- [Work instruction] Nothing but the lines from the one with "١٦٤٦ - حدثنا" through the final line of the entries should appear in the answer, copied exactly and without pictures.
- Opening Delimiter -
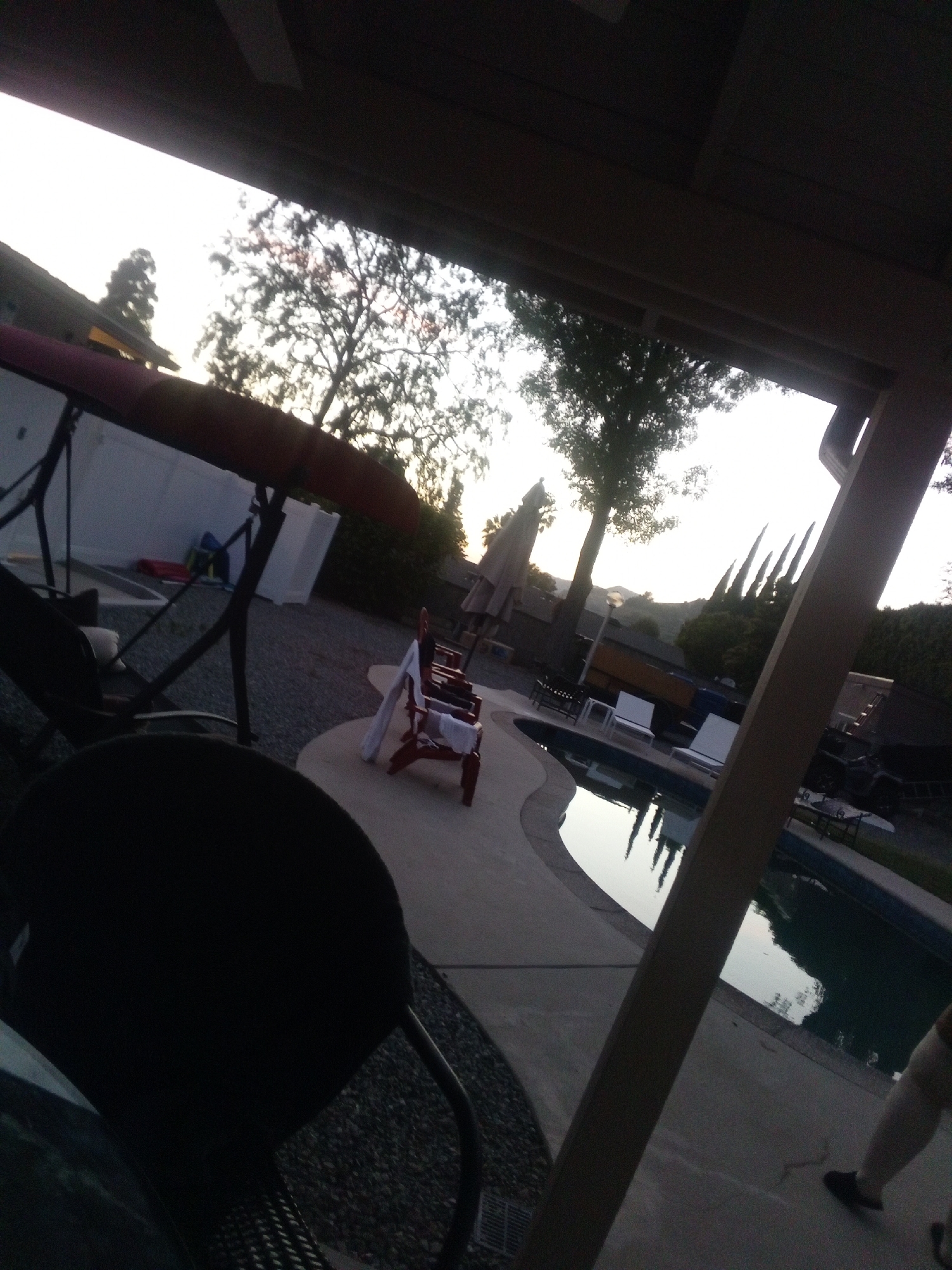 This image depicts an outdoor residential backyard in the city of Los Angeles, United States of America, under twilight conditions. The upper portion of the frame is dominated by a bright, overcast or post-sunset sky, silhouetting trees and distant hills. In the foreground, a dark, out-of-focus object, likely a chair back, is positioned at the lower left. To its right, a black metal frame structure, consistent with a swing or hammock stand, supports a red, elongated object resembling a kayak or canoe. The ground beneath this area is covered in gravel. The midground features a concrete patio pathway that curves around a kidney-shaped swimming pool containing reflective water. On the patio, three red wooden Adirondack-style chairs are visible, each with a white towel draped over its back. A large, tan patio umbrella is positioned to the left of the pool. The background shows a variety of trees, including tall, slender cypress trees and broadleaf trees, alongside visible sections of residential structures. Distant hills are silhouetted against the bright sky. On the far right of the frame, the lower legs and feet of an individual wearing dark shoes and light-colored trousers are visible, walking away from the camera on the concrete patio. A drain grate is present in the lower center on the gravel surface. No direct interactions between individuals are depicted.
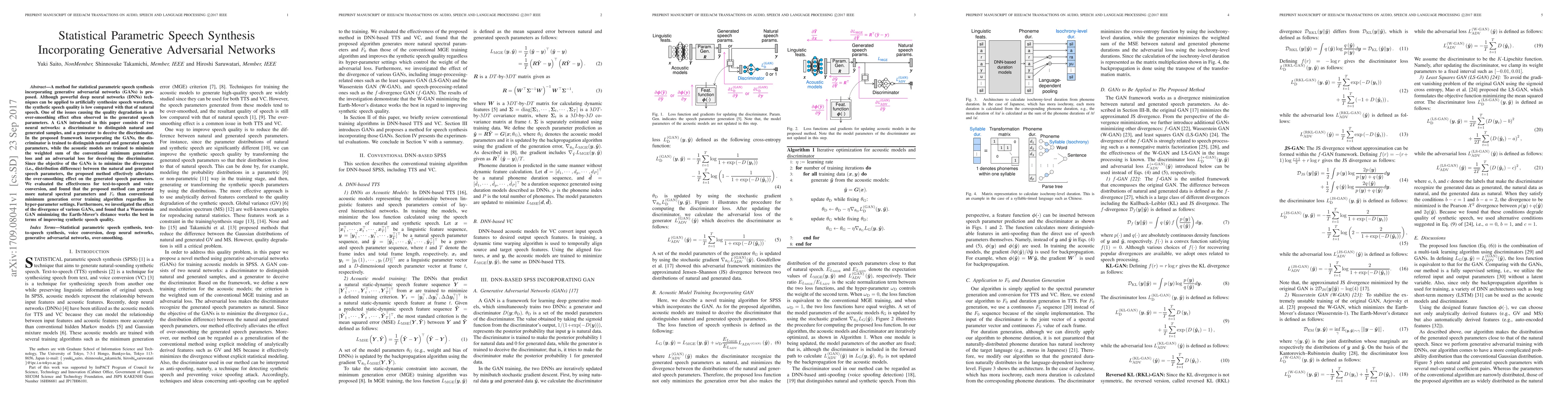 A method for statistical parametric speech synthesis incorporating generative adversarial networks (GANs) is proposed. Although powerful deep neural networks (DNNs) techniques can be applied to artificially synthesize speech waveform, the synthetic speech quality is low compared with that of natural speech. One of the issues causing the quality degradation is an over-smoothing effect often observed in the generated speech parameters. A GAN introduced in this paper consists of two neural networks: a discriminator to distinguish natural and generated samples, and a generator to deceive the discriminator. In the proposed framework incorporating the GANs, the discriminator is trained to distinguish natural and generated speech parameters, while the acoustic models are trained to minimize the weighted sum of the conventional minimum generation loss and an adversarial loss for deceiving the discriminator. Since the objective of the GANs is to minimize the divergence (i.e., distribution difference) between the natural and generated speech parameters, the proposed method effectively alleviates the over-smoothing effect on the generated speech parameters. We evaluated the effectiveness for text-to-speech and voice conversion, and found that the proposed method can generate more natural spectral parameters and $F_0$ than conventional minimum generation error training algorithm regardless its hyper-parameter settings. Furthermore, we investigated the effect of the divergence of various GANs, and found that a Wasserstein GAN minimizing the Earth-Mover's distance works the best in terms of improving synthetic speech quality.
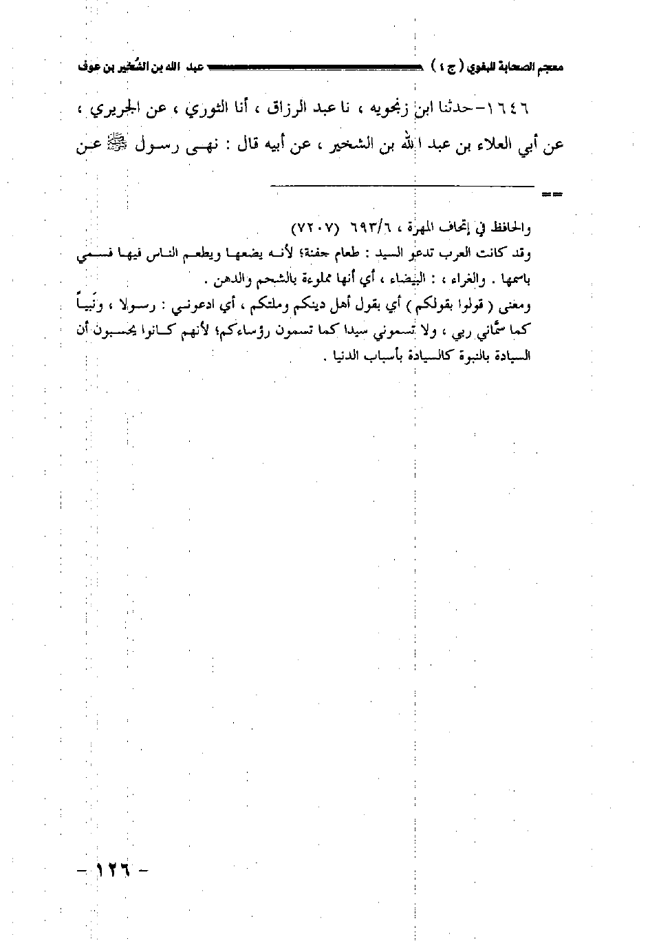 ١٦٤٦ - حدثنا ابن زنجويه نا عبد الرزاق أخبرنا الثوري عن الجريري عن أبي العلاء بن عبد الله بن الشخير عن أبيه قال: نهى رسول الله صلى الله عليه وسلم عن
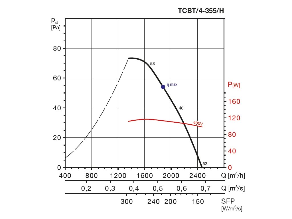 Oběžné kolo je vyrobeno ze slitiny Al. Oběžné kolo je staticky a dynamicky vyváženo, rozsah pracovních teplot je v rozmezí od -20° do +55 °C (velikosti 315–710 kromě TCBT/4-710) nebo od -20° do +40 °C (velikost 800–1000 a TCBT/4-710).
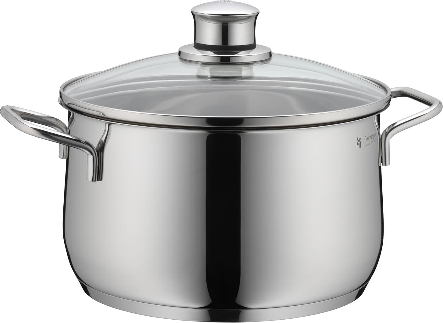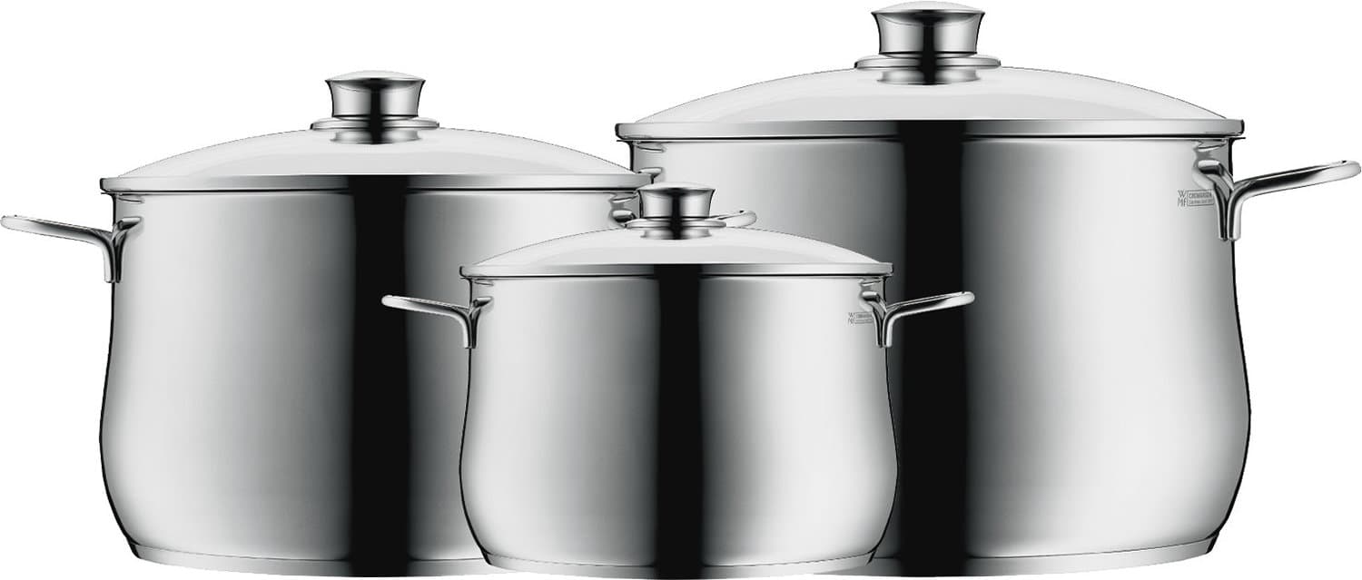 Mit dem 10-teiligen Diadem Plus Kochgeschirr-Set von WMF ziehen stilvolles Design und herausragende Funktionalität in die Küche ein. Töpfe, Pfannen und Deckel dieses umfangreichen Starter-Sets sind aus genauso elegantem wie strapazierfähigem und pflegeleichtem Cromargan®: Edelstahl Rostfrei 18/10 und hochwertigem Glas gefertigt. Ausgestattet mit dem energiesparenden TransTherm®-Allherdboden und vielen weiteren cleveren Details, lassen sie keine Wünsche offen. Dazu sind Töpfe und Deckel selbstverständlich zur mühelosen Reinigung in der Spülmaschine geeignet und dürfen gemeinsam auch bei bis zu 180°C in den Backofen.
- Closing Delimiter -
- [Problem solution]
 ١٦٤٦ - حدثنا ابن زنجويه نا عبد الرزاق أخبرنا الثوري عن الجريري عن أبي العلاء بن عبد الله بن الشخير عن أبيه قال: نهى رسول الله صلى الله عليه وسلم عن
 Oběžné kolo je vyrobeno ze slitiny Al. Oběžné kolo je staticky a dynamicky vyváženo, rozsah pracovních teplot je v rozmezí od -20° do +55 °C (velikosti 315–710 kromě TCBT/4-710) nebo od -20° do +40 °C (velikost 800–1000 a TCBT/4-710).
 Mit dem 10-teiligen Diadem Plus Kochgeschirr-Set von WMF ziehen stilvolles Design und herausragende Funktionalität in die Küche ein. Töpfe, Pfannen und Deckel dieses umfangreichen Starter-Sets sind aus genauso elegantem wie strapazierfähigem und pflegeleichtem Cromargan®: Edelstahl Rostfrei 18/10 und hochwertigem Glas gefertigt. Ausgestattet mit dem energiesparenden TransTherm®-Allherdboden und vielen weiteren cleveren Details, lassen sie keine Wünsche offen. Dazu sind Töpfe und Deckel selbstverständlich zur mühelosen Reinigung in der Spülmaschine geeignet und dürfen gemeinsam auch bei bis zu 180°C in den Backofen.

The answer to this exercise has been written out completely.